Lesson 14

This warm-up prompts students to compare the graphs of four quadrilaterals. It gives students a reason to use language precisely (MP6). It gives the teacher an opportunity to hear how students use terminology and talk about characteristics of the items in comparison to one another.

Arrange students in groups of 2–4. Display the graphs for all to see. Give students 1 minute of quiet think time and then time to share their thinking with their small group. In their small groups, ask each student to share their reasoning as to why a particular item does not belong, and together, find at least one reason each item doesn‘t belong.

Ask each group to share one reason why a particular item does not belong. Record and display the responses for all to see. After each response, ask the class if they agree or disagree. Since there is no single correct answer to the question asking which one does not belong, attend to students’ explanations and ensure the reasons given are correct.

During the discussion, ask students to explain the meaning of any terminology they use, such as equilateral or diagonal. Also, press students on unsubstantiated claims.

If possible, leave the list of responses displayed until the end of class.

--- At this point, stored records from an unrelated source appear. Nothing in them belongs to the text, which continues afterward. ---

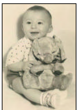
This baby started collecting toys very early on!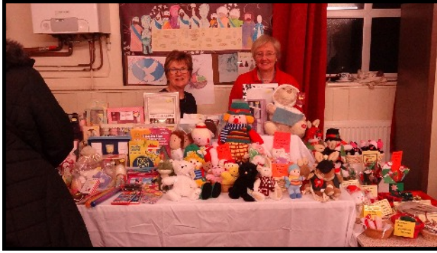
Grenoside Brightholmelee Methodist Church Christmas Tree Festival made £1460. £460 from our stands plus a very generous £1000 from the church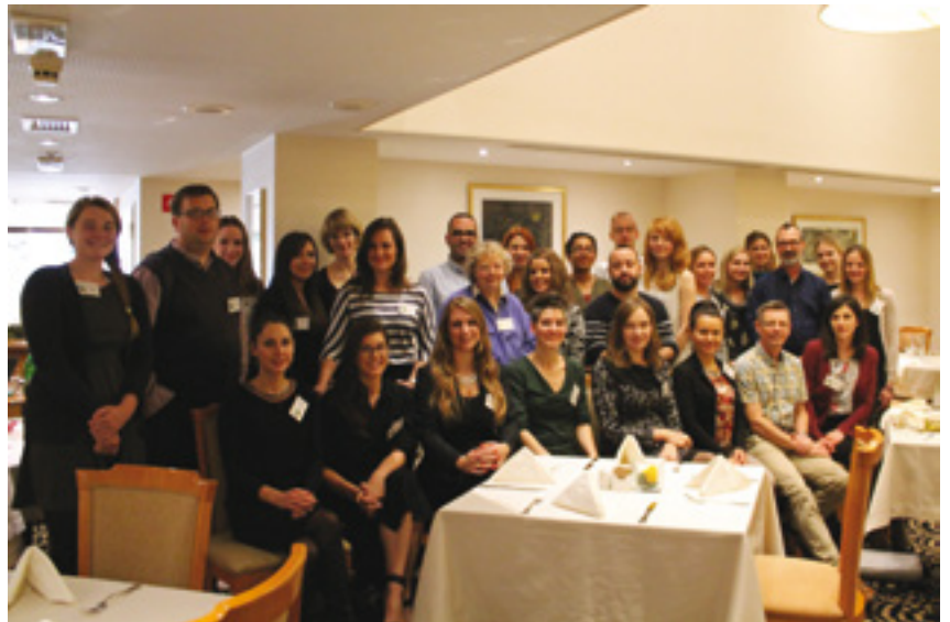
EUSPR Early Career Forum

In October 2015, EUSPR, with the support of SPAN, the EUSPR Early Career Forum was launched. The Early Careers Forum has been established to facilitate networking and shared learning among those members of the EUSPR who are still in the early stages of their career. It offers the first European and interdisciplinary platform for early-career researchers, practitioners and policy-makers interested in prevention research. The forum offers early-career members of the EUSPR a dedicated platform for professional exchange and mutual support. The forum was set to serve the career development needs of: researchers, policy-makers and practitioners who entered the prevention field within the last 8 years; current students of a prevention-related discipline at Masters or doctoral level; and senior colleagues interested to support early-career activities. The next workshop for the Early Career Forum will be held in Brussels, on March 1st, focusing on conducting systematic reviews.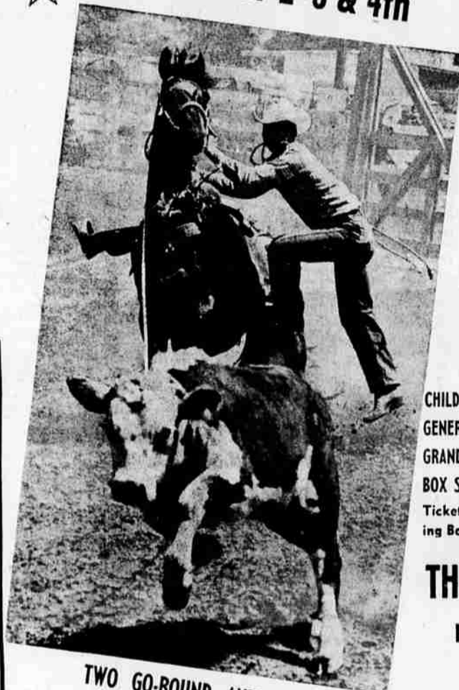
TWO GO-ROUND AVERAGE RAIN OR SHINE

Students will return to these images during the lesson synthesis.

Students are presented with 4 points and asked to fully describe the quadrilateral with those vertices. Slopes will show that all pairs of adjacent sides are perpendicular, making the shape a rectangle. Then students will use the Pythagorean Theorem to calculate both area and perimeter.

Making dynamic geometry software available gives students an opportunity to choose appropriate tools strategically (MP5).

Make graph paper available to students who would like to use it.

Some students may state that the quadrilateral is a rectangle simply because it looks like one. Remind these students that we need to back up our reasoning with mathematics. Suggest students review their reference charts for definitions and properties of rectangles.

Invite students to share their reasoning for each question. Highlight students who carried information from one question to the next, such as recognizing that in a rectangle, opposite sides have equal length, so they only need to calculate 2 distances (rather than all 4).

Students observe that the angle formed by connecting endpoints of a diameter to a third point on the circle appears to be a right angle. They confirm that this is true for a few particular points, then write a conjecture. This conjecture will be generalized in an upcoming unit.

Monitor for different ways that students word the conjecture to highlight during the discussion. Listen for terms such as diameter, endpoints, right triangle, and right angle. The term chord will be defined in a subsequent unit. It is not necessary to define it here.

This activity works best when each student has access to devices that can use the embedded applet because students will benefit from seeing the relationship in a dynamic way. If students don’t have individual access, projecting the applet would be helpful during the synthesis.

Ask previously identified groups to share their conjectures. Challenge students to decide whether all the conjectures are saying the same thing, and if any of the conjectures need to be refined. Encourage students to respectfully disagree, ask for clarification, or point out contradicting information.

There are many ways to correctly word the conjecture. As students work to refine the wording, be sure that the word diameter is included, that it’s clear that 2 points are at the endpoints of the diameter, and that the third point is clearly somewhere else on the circle. Students may describe the result as 2 segments that form a right angle or 3 segments that form a right triangle.

Once the conjecture is finalized, ask students if they have proven it (they have not; they’ve just shown it’s true for a few particular cases). Tell students that we will look at a more general case of this assertion in an upcoming unit.